The City Pier, inside the harbor, has diesel fuel, gasoline, commercial ice, water, and other marine supplies and has a hoist with a maximum lift of 2 tons.
There is a boatyard on the SW side of the basin that can handle craft up to 25 tons and 50 feet for hull and engine repairs. A small floating drydock in the harbor can lift craft up to 20 tons for hull maintenance and repair. There are several other boat builders and repair yards in the city of Santa Barbara.
Navigation:
Click the “Map View” button above to see a chart of this harbor.
Santa Barbara, 29 miles NW of Point Hueneme, is a resort city and popular yachting harbor. The harbor is used mostly by pleasure craft and fishing vessels. There are about 1,200 slips in the harbor.
Santa Barbara Light (34°23’47″N., 119°43’21″W.), 142 feet above the water, is shown from a 24-foot white tower about 2 miles W of the harbor entrance. Lavigia Hill, 0.6 mile NE of the light is 459 feet high and the distinguishing feature in approaching Santa Barbara from the E or W.
Submerged shellfish structures are about 0.7 mile SE of Santa Barbara Light in about 34°23’15″N., 119°42’45″W.
Santa Barbara Point, 1 mile E of the light, is a high cliff at the SE limit of the narrow tableland extending from Lavigia Hill. The point is the beginning of a sand beach extending 0.6 mile E to Point Castillo, the W point of the breakwater forming Santa Barbara Harbor.
The harbor has a 500-yard breakwater extending NE from Point Castillo to an extensive sandbar which forms the S side of the harbor. A jetty extends across the sandbar about 400 yards N from the NE end of the breakwater. A light is at the end of the jetty and a light and sound signal mark the connection between the breakwater and jetty. The sound signal is activated by the Santa Barbara Harbor Patrol. The NE side of the harbor is formed by Stearns Wharf; the wharf is marked by a light at the S end. A groin, about 125 yards long, extends S from shore about 0.3 mile W of Stearns Wharf.

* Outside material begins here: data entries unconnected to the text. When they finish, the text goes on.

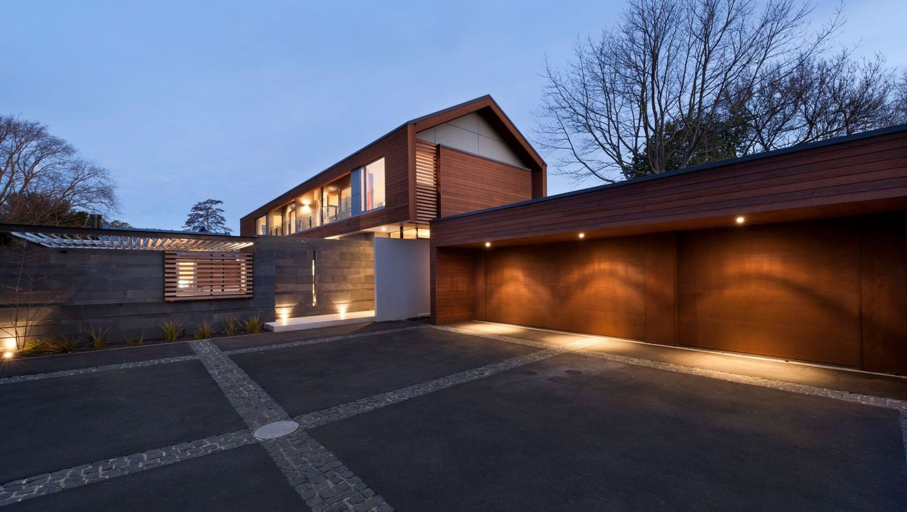 ArchiPro Project Summary - A spacious family home in Fendalton featuring a series of elegant gable forms clad in natural-stained cedar, designed for comfortable living and large-scale entertaining, with dedicated play areas and a sheltered courtyard.
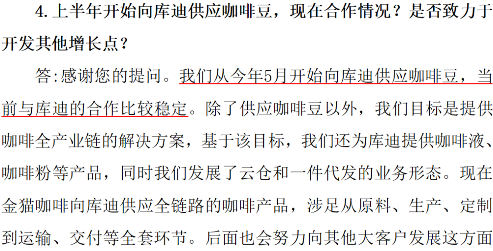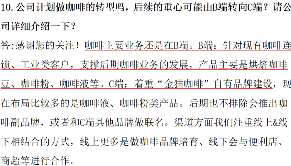 公司咖啡业务处于咖啡加工环节,主要面向B端,C端还在推进“金猫咖啡”的品牌建设。
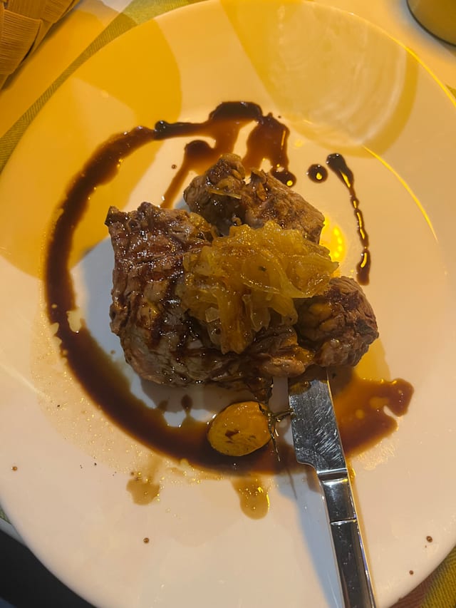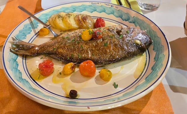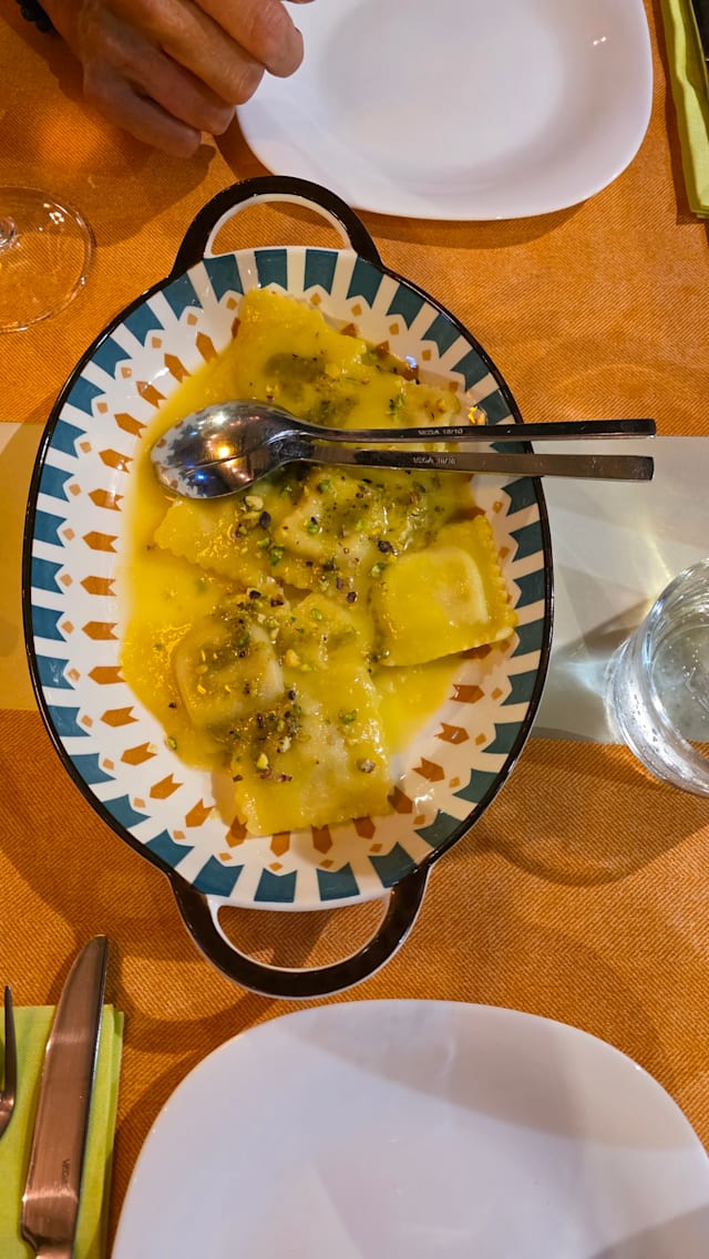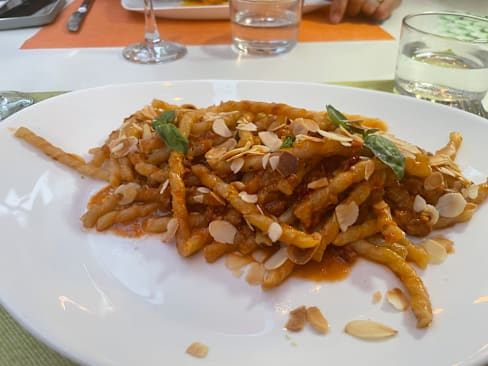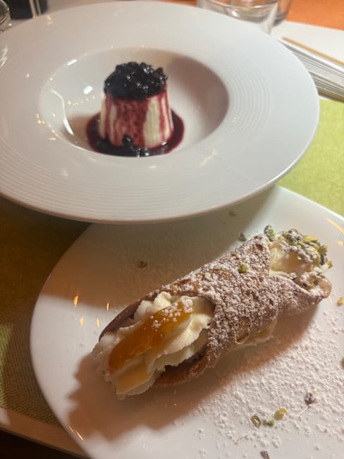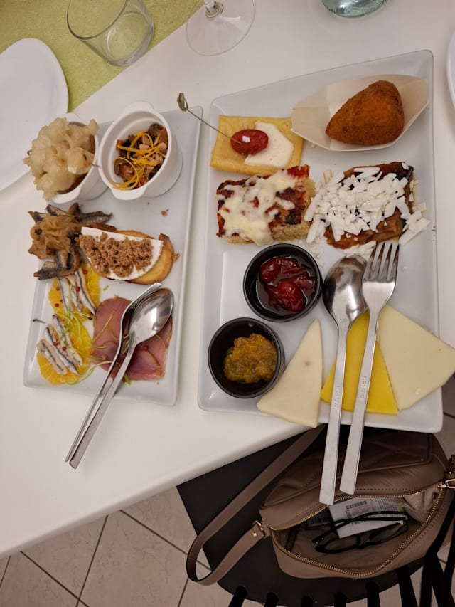 8/10One of our best meals in Sicily (the other was also in Noto). Highlights here were the cheese platter, the aubergine parmigiana and the sea bream ragu with pasta (sublime). Other members of our party were less enthusiastic about their choices, hence a star dropped (I would have given it 5). Service was friendly and efficient but the mains took a long time to come (hence another star dropped). We ate inside because outside was full - the room soon filled and became a babble of happy chatter. Seats not the most comfy and a bit hard to hear in all the chatter, hence the star dropped for ambience too. Overall though, an enjoyable and high quality dining experience. Food was beautifully presented, and I would go again. Thank you!
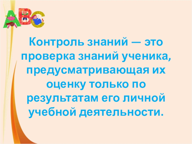 Слайд 4Контроль знаний — это проверка знаний ученика, предусматривающая их оценку только
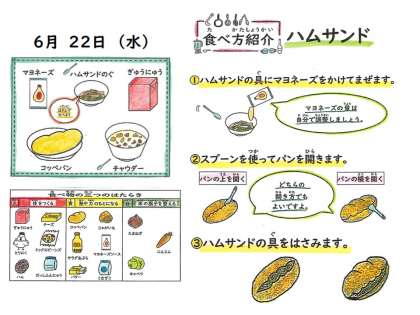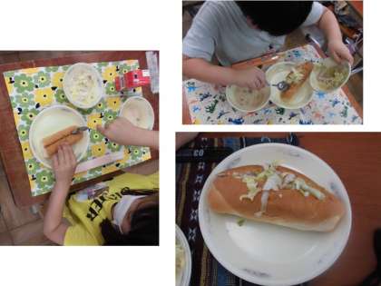 ハムサンド(具)は,パンに切れ込みを入れ,自分でパンにはさみます。それぞれオリジナルのハムサンドが完成していました。
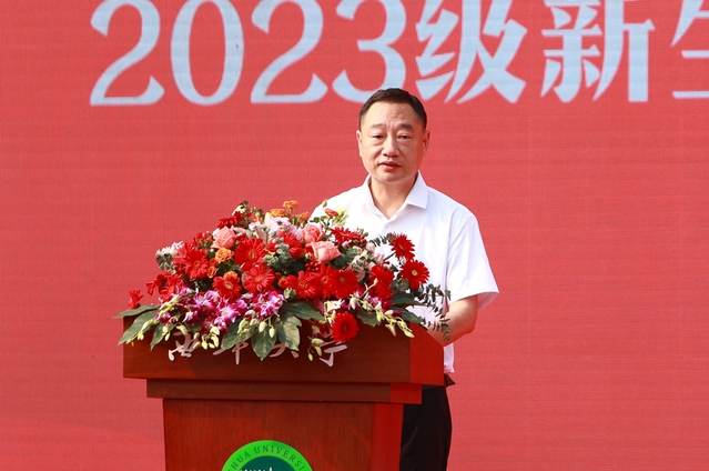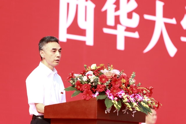 “歡迎你們加入西華大學,加入西華學子的隊伍,讓我們共同開啟新的征程!”校黨委書記劉樹根在主持開學典禮時指出,當今世界正在經歷百年未有之大變局,同學們正處于一個充滿機遇和挑戰的時代,施展抱負的舞臺無比寬廣。他希望同學們在校期間做好大學生涯規劃,轉變學習模式,開闊知識眼界、勇擔時代重任、實現人生價值;展現青春風采,用更多元、更開闊的眼光來學習和實踐,堅持追尋夢想,永葆熱情,成為西華闊步前行的生力軍;珍惜時光,在西華大學潛心學習,追求進步,做有理想、有本領、有擔當的新時代中國青年。劉書記指出,凡成大事者,必日積月累、持之以恒,希望同學們務必熟讀學生手冊,懂規矩、守底線、知敬畏,勤而行之、日有所進,努力成長為堪當民族復興重任的時代新人,在青春的賽道上跑出屬于自己的精彩。

A dredged entrance channel leads NW between the breakwater and Stearns Wharf then turns SW into the harbor. The channel is marked by buoys. The harbor buoys are not charted because their positions are frequently changed. The entrance and harbor are subject to rapid shoaling. The harbormaster advises that the entrance channel has a tendency to shoal after SE storms.